Non-exclusion and non-discrimination

Some aspects of universality can be addressed in the enabling legislation, but here, the focus is on ensuring that the ID system is not discriminatory or exclusive. In that sense, ID systems should not exclude linguistic, ethnic, religious or other vulnerable groups. Furthermore, the country’s identity ecosystem should cover both citizens and residents.

Multiple constitutional provisions, laws, international conventions, regulations, and policies have the potential to impact the inclusivity of the ID system, including many of the ID system enabling laws. This includes, for example, those related to:

  • The mandatory nature of the ID system

  • Who is eligible for the ID system, including citizens and non-citizens, children and adults

  • The definition and determination of nationality and legal status

  • The collection of sensitive biographic information and biometrics

  • Non-discrimination and protection of minorities (e.g., based on gender, race, ethnicity, religions, disability, etc.)

  • Migrants

  • Refugees

  • Stateless populations

  • Fees charged for ID services

  • Required identity evidence for enrollment (e.g., requiring proof of citizenship)

Such policies, laws, and regulations can therefore directly or indirectly affect the exclusion and/or targeted discrimination of multiple groups, including:

  • Individuals who do not speak an official language

  • Racial, ethnic, or religious groups

  • Women and girls

  • Persons with disabilities

  • The elderly

  • Individuals in remote or inaccessible areas

  • Undocumented adults

  • Undocumented children, or children of undocumented adults

  • Refugees

  • Migrants

  • Stateless persons

  • Gender and sexual minorities

  • Neglected, abandoned, or orphaned children

  • The mentally ill

  • Others

To ensure universal coverage of the ID system, the legal framework should therefore be updated to remove or amend the above laws to excise explicit instances of discrimination and other barriers to access. Practitioners should also ensure compliance with international norms and conventions that enshrine the right to recognition before the law and require governments to provide every refugee, stateless person, and internally displaced person with a means of identifying themselves (e.g., in the form of passports, identity documents, birth certificates, etc.), including the UN Convention relating to the Status of Refugees (Article 27), the Convention relating to the Status of Stateless Persons (Article 27), the UN Guiding Principles on Internally Displaced Persons (Principle 20), and the Convention for the Protection and Assistance of Internally Displaced Persons in Africa (Article 13).

In addition to the above, practitioners should pay special attention to policies, laws, and regulations related to design-features of the ID system that have the potential to exclude significant portions of the population. This includes whether or not the ID is mandatory, which is discussed below, and topics discussed in a variety of other sections in this Guide, including who is eligible to register in the ID system (including citizens and non-citizens), which data are collected, registration procedures and strategies, what technology is used for credentials and authentication, mechanisms for public engagement, and more.
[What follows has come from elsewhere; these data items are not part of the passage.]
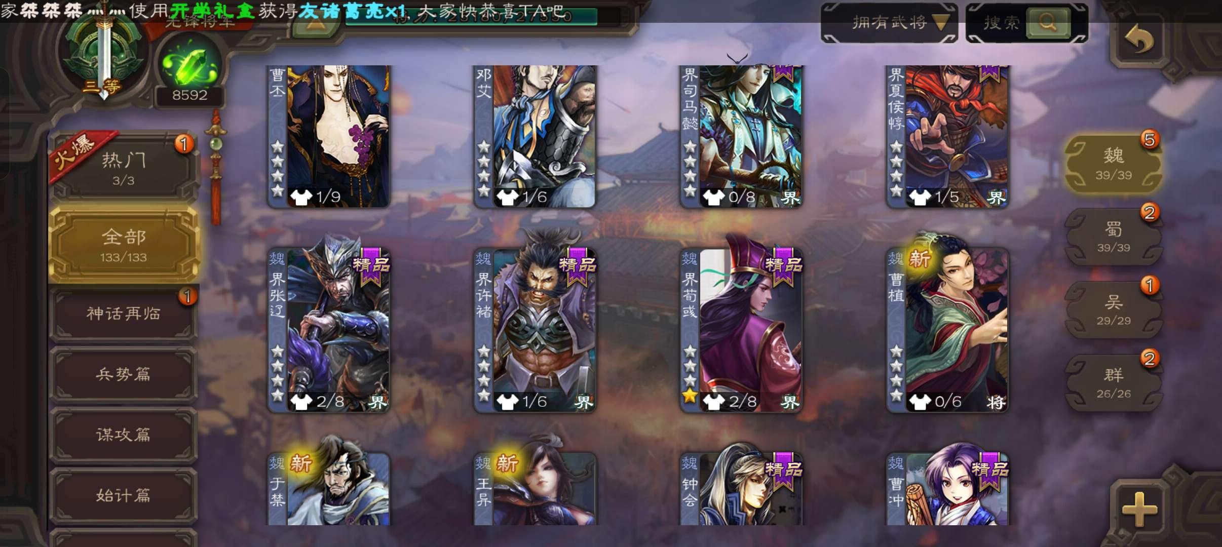 8500将魂5万羽毛,界钟会动态马云騄双史诗先锋,动态界荀彧甘夫人势田丰133将
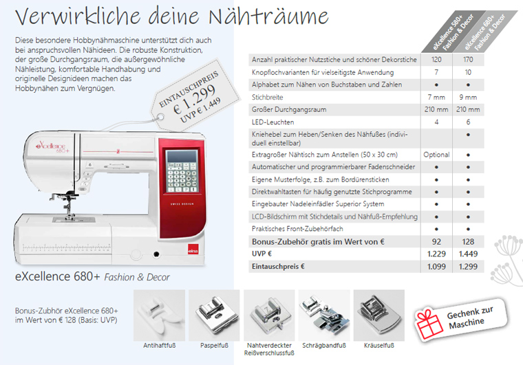 der Marken SINGER, Brother, Husqvarna, PFAFF,
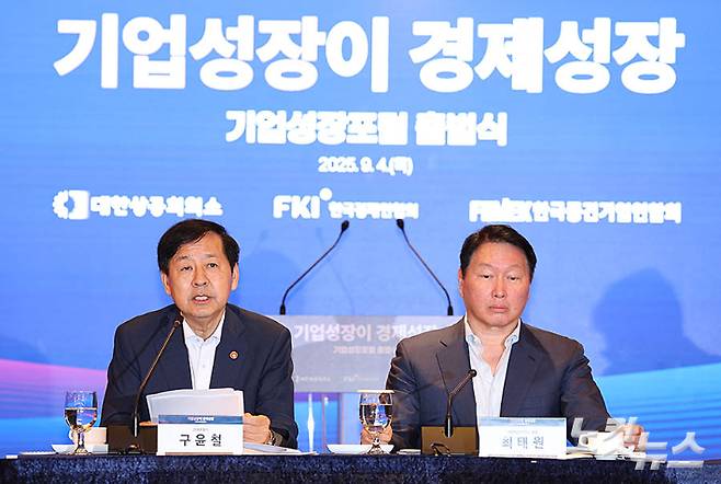 구윤철 경제부총리 겸 기획재정부 장관이 4일 오전 서울 중구 롯데호텔에서 대한상의·한국경제인협회·한국중견기업연합회가 연 기업성장포럼 출범식에 참석해 인사말을 하고 있다. 최태원 대한상공회의소 회장은 이날 기조연설을 통해 "규제의 벽을 제거해야 성장 모멘텀이 계속 일어날 수 있다"며 "기업 사이즈별 규제를 풀지 않으면 경제성장은 일어나지 않을 것"이라고 말했다. 류영주 기자

Box 14. Examples of legal measures for inclusion

In some countries, inclusion efforts are built into the legal framework for ID. In India, for example, the Aadhaar Act calls for special measures to ensure the inclusion of women, children, senior citizens, persons with disabilities, unskilled and unorganized workers, nomadic tribes and other categories of individuals as may be specified by regulations (Aadhaar Act 18 of 2016, §5).

Source: Adapted from the ID Enabling Environment Assessment (IDEEA).

Mandatory nature of ID

Some countries have ID systems that are explicitly mandatory, in the sense that the law imposes a sanction for failure to enroll. However, even where the ID system is ostensibly “voluntary,” it may become mandatory in practice if it is required to access to services and other transactions, making it impractical for anyone to opt out.

A strict conditioning of essential government services on the presentation of a specific ID can be problematic if access to that ID system is not universal or is applied in discriminatory ways. This problem can be particularly acute when IDs are required for services (like financial services that require KYC) but are provided only to nationals, unless alternative means are made for residents and other groups ordinarily living in a country—e.g., migrants, refugees, and stateless persons—to access public and private sector services. A number of jurisdictions have seen legal challenges to the constitutionality of mandatory ID systems, including India, Jamaica, and Kenya. In the United States, for example, certain religious groups challenged the requirement to obtain a social security number and were exempted (see Social Security - Program Operations Manual System).

In addition, some countries make it compulsory for people to carry physical identity credentials with them at all times and impose fines or other sanctions for failure to do so. Such systems have been criticized on the grounds that they create too many openings for abuse. Demanding that credentials be shown can be an avenue for police harassment of minority groups or persons who appear “foreign” and so are suspected of being undocumented immigrants, as well as serving as a prelude to more intrusive searches or investigations. It may also make people unnecessarily fearful of a situation where their ID credential is lost, stolen or destroyed. The mere fact of having to prove identity in a public space for no particular purpose may impinge on an individual’s privacy—such as laws applied in apartheid South Africa. However, public attitudes about requirements such as these may vary depending on the local legal and cultural attitudes.